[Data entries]
⁂

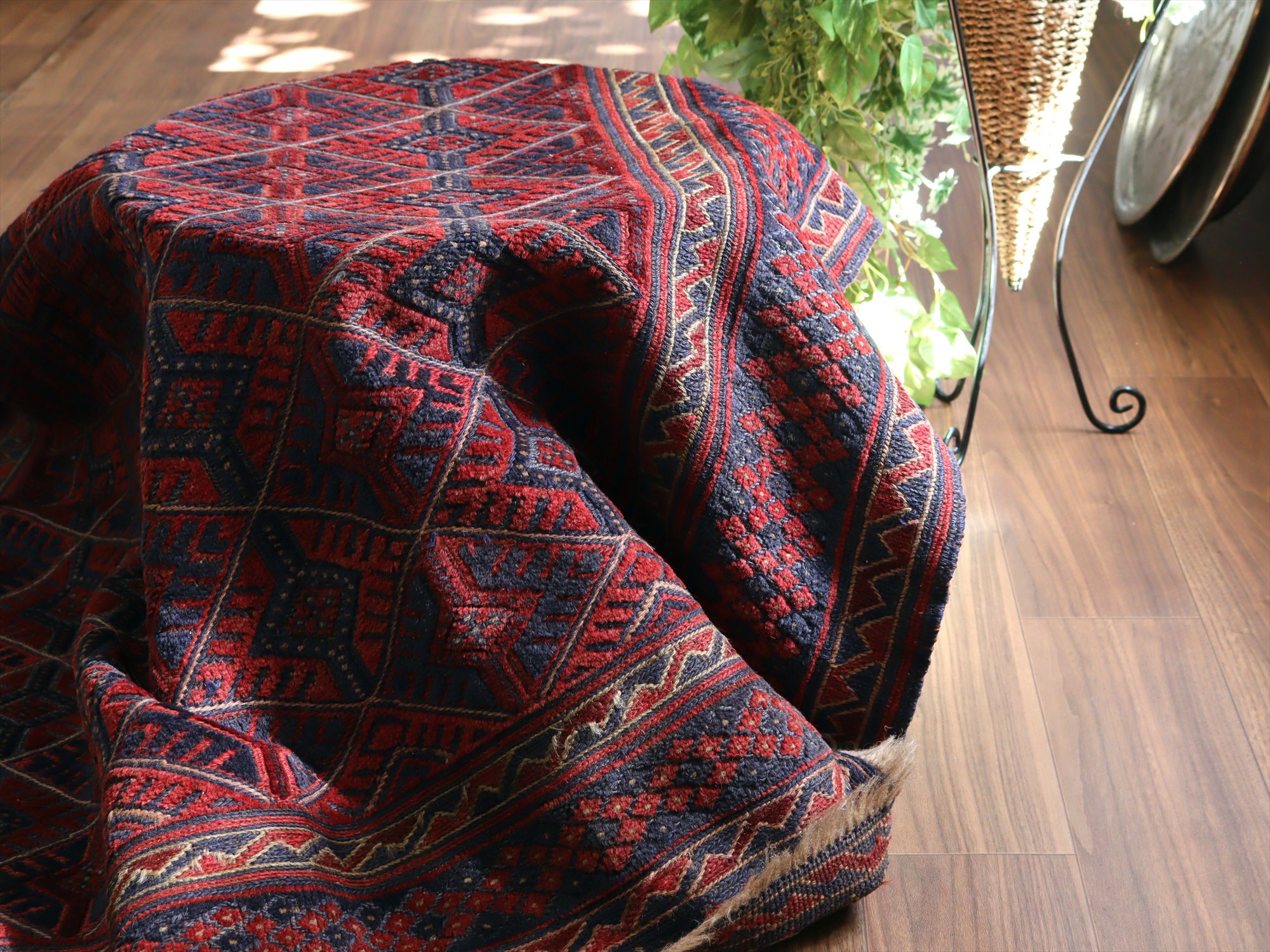 アフガニスタン東部、イランと国境を接するエリアの緻密な織りのキリムです。細かい織り目のスマック織りをベースに、立体感のあるカーペット織りでモチーフをレリーフのように織り込んだ1枚。
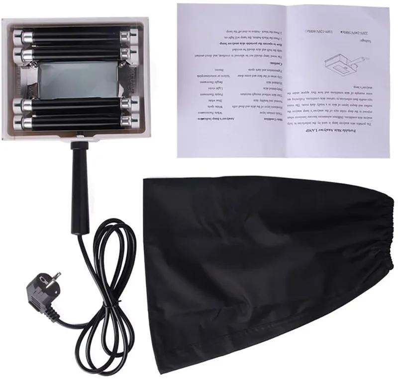Характеристики цвета: Синий светильник: нормальная здоровая кожа Коричневый флуоресцентный: пигментация и темные пятна Оранжевые точки: жирная кожа Фиолетовый и темно-фиолетовый: мягкая кожа, обезвоженная кожа, кожа не пропускает влагу Белый флуоресцентный: толстый слой кожи и клеток Deak Светильник желтый: жирная акне Параметры: Источник питания: 100-120 В/60 Гц 220-240 В/50 Гц Номинальная входная мощность: 54 Вт Длина волны прибл. 365 нанометров.
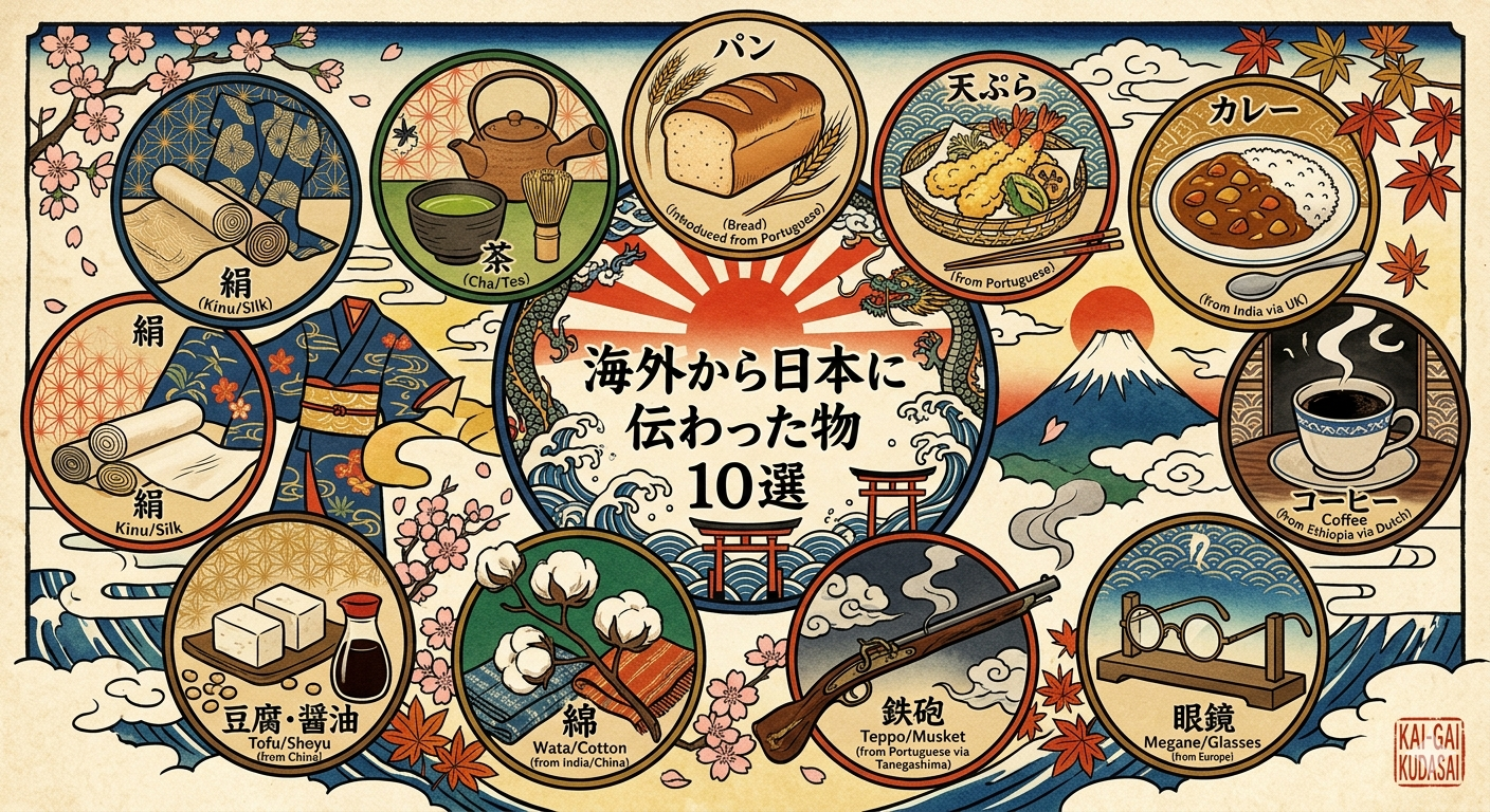 今回は、古代から近代にかけて日本に伝わり、今や日本の文化として定着している10個のアイテムを厳選して教えますね。その意外なルーツを知ることで、いつもの景色が少し違って見えるかもしれません。
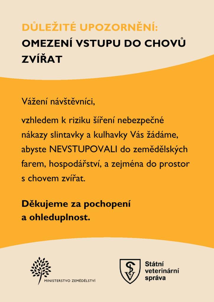 Vzhledem k riziku šíření nebezpečné nákazy slintavky a kulhavky apelujeme na návštěvníky, aby se vyvarovali vstupu do zemědělských farem a prostor s chovem zvířat. Děkujeme za pochopení a ohleduplnost.
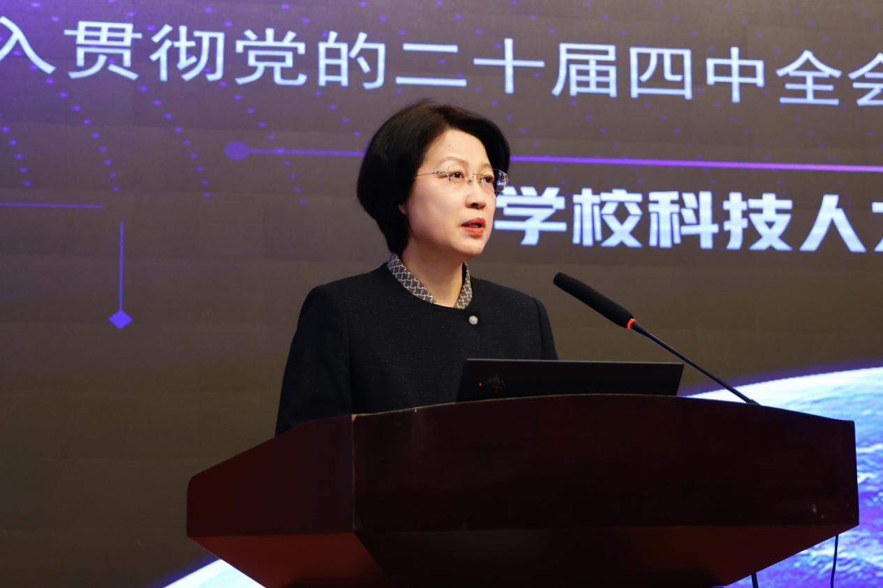 刘莹围绕“科技赋能”与“人才引领”两大维度,对学校近期出台的科技、人才政策进行了系统解读,并详细介绍了“有组织科研”项目提升计划、科技成果转化激励、学术创新氛围营造以及科研共享平台建设等举措,系统阐述了高层次人才引育管理办法、创新团队支持计划、伯乐奖激励机制、博士后待遇提升与职称评审绿色通道等系列创新政策,为学校科技、人才发展提供了强有力的政策遵循。
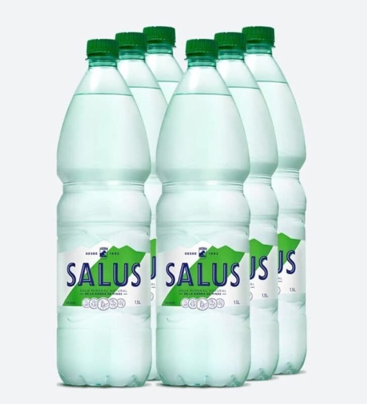 Funda de agua mineral natural sin gas SALUS, contiene 6 botellas de 1,5 Lts.
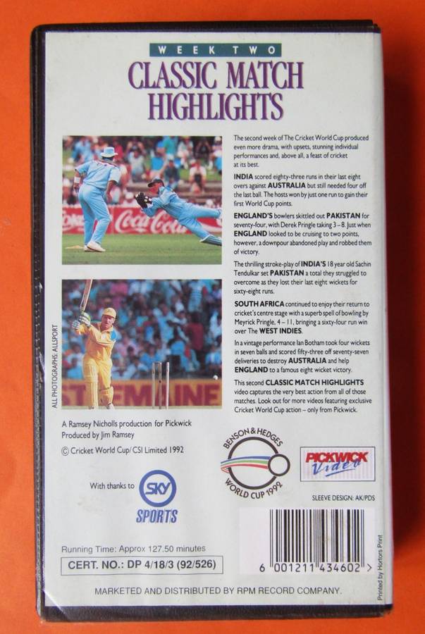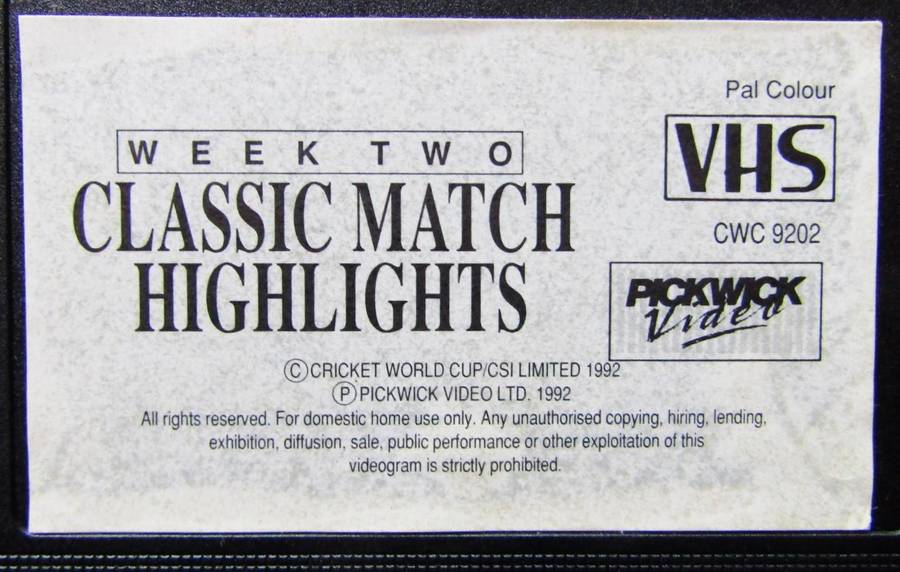 1992 Cricket World Cup - Classic Match Highlights - VHS Video Tape 1992 Cricket World Cup - Classic Match Highlights - VHS Video Tape 1992 Cricket World Cup - Classic Match Highlights - VHS Video Tape 1992 Cricket World Cup - Classic Match Highlights - VHS Video Tape
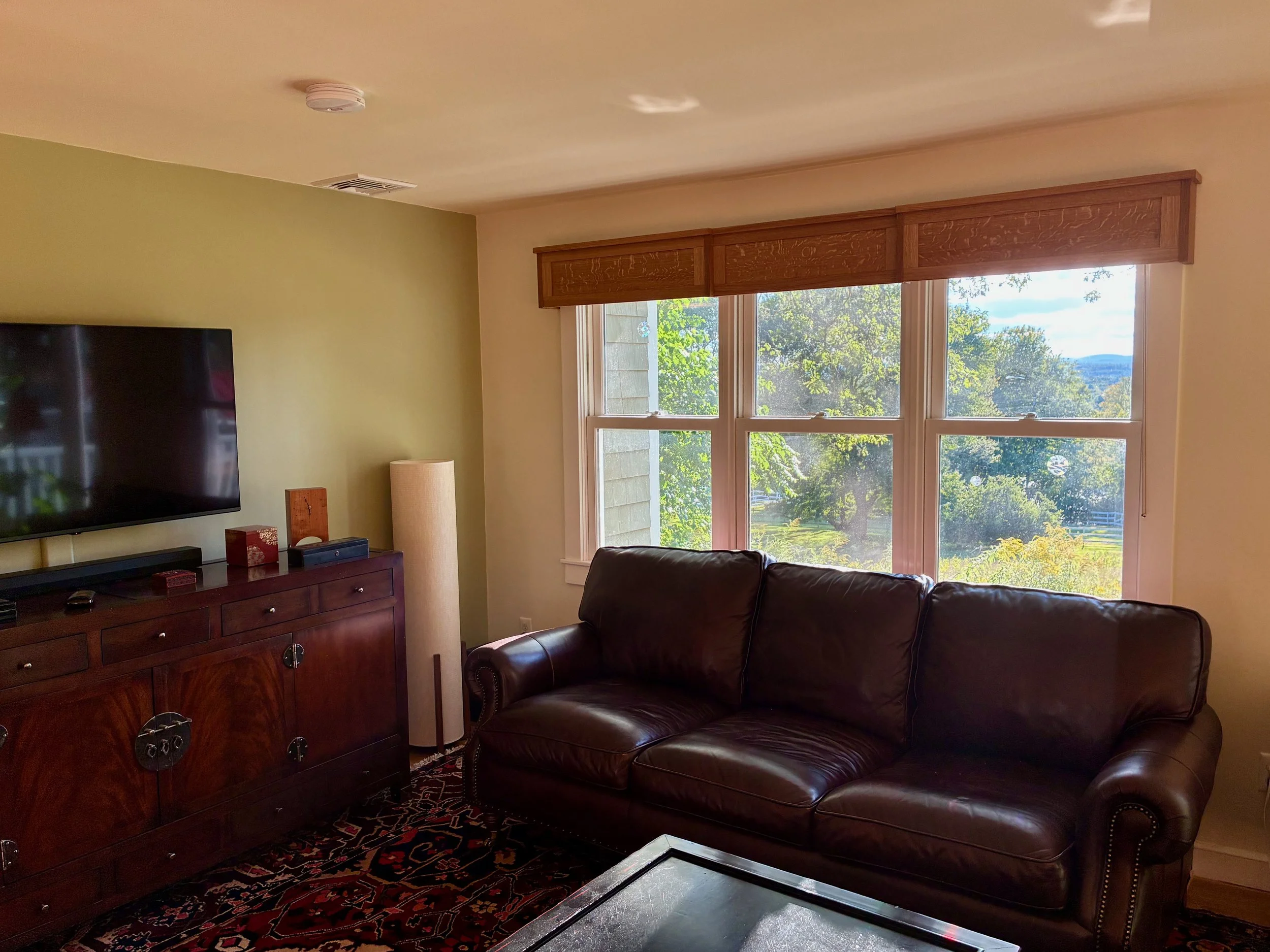 There are four banks of windows in our living room and they all might deserve a Craftsman cornice, but the goal of this Project was to fit out the two windows flanking the fireplace to see whether this manner of adding wood to the decor could satisfy desire.
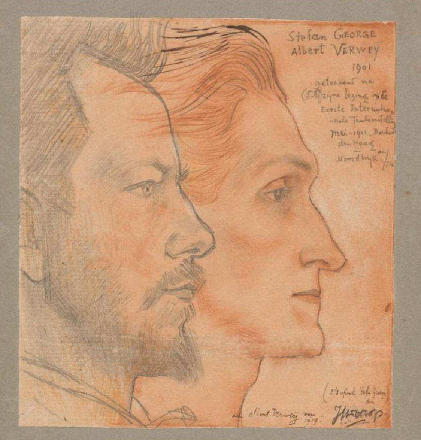 The German writer Stefan George gave a lecture at the First International Exhibition in Boschoord Villa in The Hague on 24 May 1901. He stayed with the poet Albert Verwey in Noordwijk, where this double portrait by Jan Toorop originated. Toorop first made the portrait of George in drypoint and subsequently drew the likeness of Verwey in profile next to him.
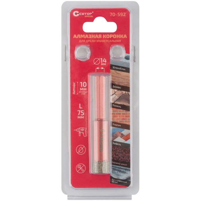 Коронка алмазная универсальная для дрели CUTOP Special 14x10x75мм (70-592)
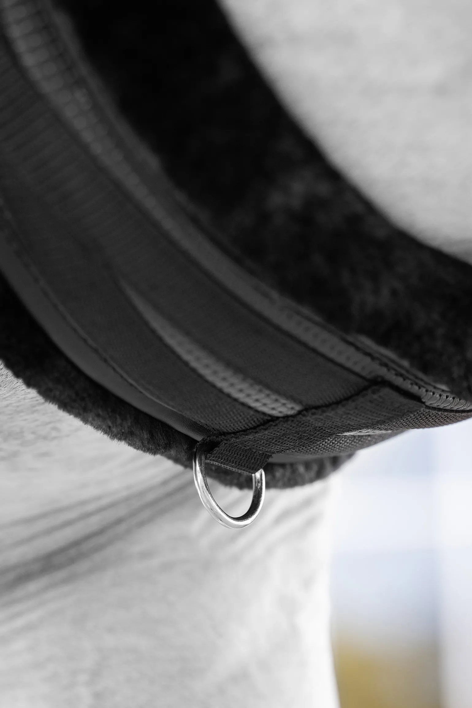 Zwei doppelte, elastische Schnallen sorgen für einen guten Sitz. Außerdem gibt es einen praktischen D-Ring, an dem du deine Hilfszügel und anderes Zubehör befestigen kannst.
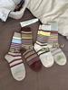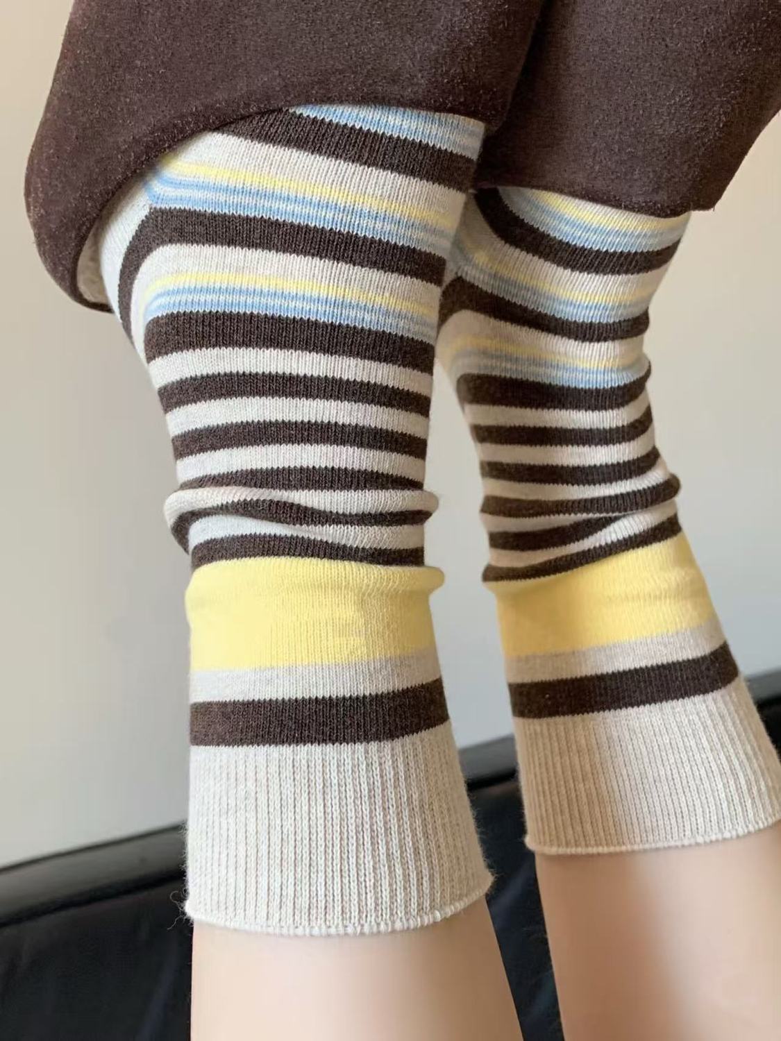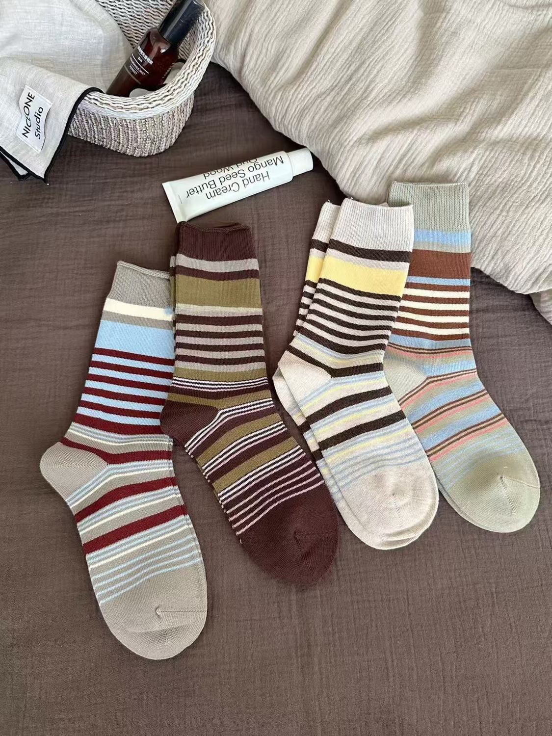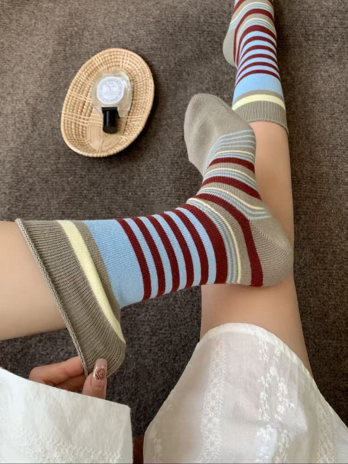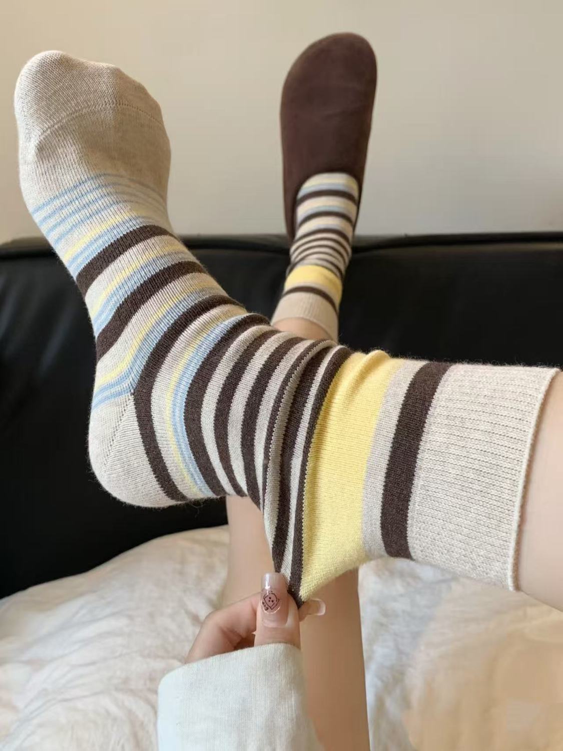Calcetines de Media Caña para Mujer de Principios de Otoño Estilo Coreano ins Retro Rayados Bloque de Color Estilo Universitario Hasta la Rodilla Tejidos Versátiles Calcetines Arrugados

⁂

# Prompt:
Skipping the pictures, transcribe each line above exactly as it appears.

# Task solution:
 アフガニスタン東部、イランと国境を接するエリアの緻密な織りのキリムです。細かい織り目のスマック織りをベースに、立体感のあるカーペット織りでモチーフをレリーフのように織り込んだ1枚。
Характеристики цвета: Синий светильник: нормальная здоровая кожа Коричневый флуоресцентный: пигментация и темные пятна Оранжевые точки: жирная кожа Фиолетовый и темно-фиолетовый: мягкая кожа, обезвоженная кожа, кожа не пропускает влагу Белый флуоресцентный: толстый слой кожи и клеток Deak Светильник желтый: жирная акне Параметры: Источник питания: 100-120 В/60 Гц 220-240 В/50 Гц Номинальная входная мощность: 54 Вт Длина волны прибл. 365 нанометров.
 今回は、古代から近代にかけて日本に伝わり、今や日本の文化として定着している10個のアイテムを厳選して教えますね。その意外なルーツを知ることで、いつもの景色が少し違って見えるかもしれません。
 Vzhledem k riziku šíření nebezpečné nákazy slintavky a kulhavky apelujeme na návštěvníky, aby se vyvarovali vstupu do zemědělských farem a prostor s chovem zvířat. Děkujeme za pochopení a ohleduplnost.
 刘莹围绕“科技赋能”与“人才引领”两大维度,对学校近期出台的科技、人才政策进行了系统解读,并详细介绍了“有组织科研”项目提升计划、科技成果转化激励、学术创新氛围营造以及科研共享平台建设等举措,系统阐述了高层次人才引育管理办法、创新团队支持计划、伯乐奖激励机制、博士后待遇提升与职称评审绿色通道等系列创新政策,为学校科技、人才发展提供了强有力的政策遵循。
 Funda de agua mineral natural sin gas SALUS, contiene 6 botellas de 1,5 Lts.
 1992 Cricket World Cup - Classic Match Highlights - VHS Video Tape 1992 Cricket World Cup - Classic Match Highlights - VHS Video Tape 1992 Cricket World Cup - Classic Match Highlights - VHS Video Tape 1992 Cricket World Cup - Classic Match Highlights - VHS Video Tape
 There are four banks of windows in our living room and they all might deserve a Craftsman cornice, but the goal of this Project was to fit out the two windows flanking the fireplace to see whether this manner of adding wood to the decor could satisfy desire.
 The German writer Stefan George gave a lecture at the First International Exhibition in Boschoord Villa in The Hague on 24 May 1901. He stayed with the poet Albert Verwey in Noordwijk, where this double portrait by Jan Toorop originated. Toorop first made the portrait of George in drypoint and subsequently drew the likeness of Verwey in profile next to him.
 Коронка алмазная универсальная для дрели CUTOP Special 14x10x75мм (70-592)
 Zwei doppelte, elastische Schnallen sorgen für einen guten Sitz. Außerdem gibt es einen praktischen D-Ring, an dem du deine Hilfszügel und anderes Zubehör befestigen kannst.
Calcetines de Media Caña para Mujer de Principios de Otoño Estilo Coreano ins Retro Rayados Bloque de Color Estilo Universitario Hasta la Rodilla Tejidos Versátiles Calcetines Arrugados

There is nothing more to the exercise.